Translated version of this PSD: Turkish
The Bank has subsribed to TL 40 million (€14 million equivalent) of a TL 200 million bond issue by YDA İnşaat Sanayi ve Ticaret (YDA). This senior unsecured Turkish lira-denominated bond has a three-year tenor.
The proceeds from the Bank’s participation are envisaged to go towards YDA’s equity commitment under the Dalaman Airport concession project. The remaining proceeds of the bond are expected to be used to support other recently awarded infrastructure PPP projects.
The transition impact of the project is derived from the following:
(i) The issue of a three-year local currency bond by a construction company will contribute to the development of the local currency capital markets in Turkey by encouraging institutional investors to extend maturities and other companies to diversify their sources of funding by accessing the local bond market.
(ii) The Project will support improvements in YDA’s corporate governance standards. The Company will implement a corporate governance action plan based on best practices. It is expected to have a strong demonstration effect for similar firms in the Turkish market, encouraging them to improve their standards.
YDA İnşaat Sanayi ve Ticaret A.Ş. (YDA) is a joint stock company incorporated in Turkey. YDA is the construction & contracting arm of the Turkish conglomerate YDA Group, which is expanding its role as a concessionaire for development and operation of infrastructure assets under PPP arrangements. In addition to construction, with its associates, YDA is also engaged in aviation (via Dalaman Airport in Turkey and Aktau Airport in Kazakhstan), hospital facilities management under PPP schemes, agriculture, geothermal energy, medical, smart outdoor advertising and service sectors. The company is an active player in the Turkish hospital PPP projects with its vast experience both in construction of hospital infrastructure and in facility management. Recently awarded PPP projects include Dalaman Airport and the Integrated Health Campuses of Kayseri, Konya and Manisa.
EBRD is participating in the amount of TL 40 million (€14 million equivalent) in the three-year TRY 200 million senior unsecured bond.
Total project cost:
TL 200 million (€70 million equivalent).
Categorised B. The environmental and social (E&S) issues associated with the YDA bond issue are expected to be limited. Due to the general corporate finance nature of the project, Environmental and Social Due Diligence (ESDD) focused on reviewing corporate policies, management systems and procedures via questionnaires and discussions with the company’s management. In addition to the use of questionnaires, ESDD also drew upon E&S documentation provided by the company in relation to its Dalaman Airport new domestic terminal project.

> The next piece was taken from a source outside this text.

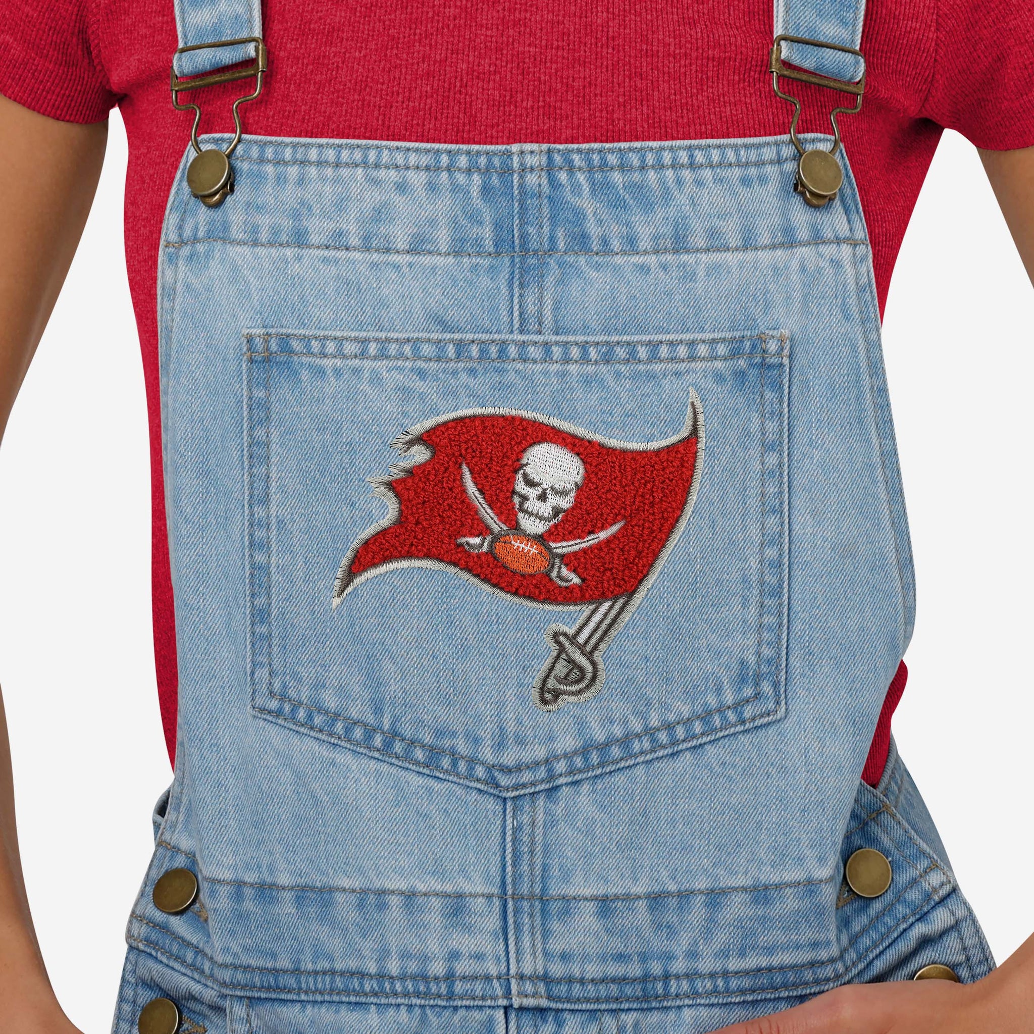 Tampa Bay Buccaneers Womens Big Logo Denim Bib Shortalls FOCO S - FOCO.com

ESDD showed that the company has in place various management systems, procedures and associated capacities to appropriately manage the impacts and risks associated with its activities. These systems are certified to international standards including ISO 14001, OHSAS 18001 and ISO 9001. Company management systems and procedures are in place at a corporate level and are then applied and tailored to individual projects. Projects that are operated by the company have their own management systems while construction projects use E&S action plans and standard company procedures. The company undertakes Environmental and Social Impact Assessments (ESIAs) aligned with the international standards for all its PPP projects (generally major construction projects), even if exempted from EIA by the relevant authorities. The company makes use of various contractors and includes E&S provisions in all tenders and contracts. This is supported by inspections and audits by the company.
The company’s HR policies and procedures are in line with Turkish legislation and the EBRD’s Performance Requirement (PR) 2. Women are employed at all levels of the company but with particular focus to professional and administration roles noting the nature of the company’s business. There is the opportunity to increase women in management positions and this has been included in the ESAP. Occupational Health and Safety (OHS) provisions, including procedures, training and worker performance are generally aligned with PR2 requirements although some improvements are required with respect to contract OHS performance reporting. The company undertakes limited consultation and discloses information through ESIA processes and via its website. Stakeholders are able to contact the company to raise concerns. The company will be required to formalise these activities in a corporate stakeholder engagement plan, which can be revised and tailored to specific projects.
An ESAP has been developed to bring the company in line with the PRs and has been agreed with the company. Key ESAP actions requires the company to: define specific environmental and OHS organisation structure for each project with clear reporting lines; develop a standalone equal opportunities and non-discrimination policy; promote women in management positions; introduce contractor environment, health and safety (EHS) reporting and review supply chains; develop EHS key performance indicators; develop and implement measures to avoid community impacts; and develop a corporate stakeholder engagement plan. The company will be required to submit annual E&S reports to the Bank.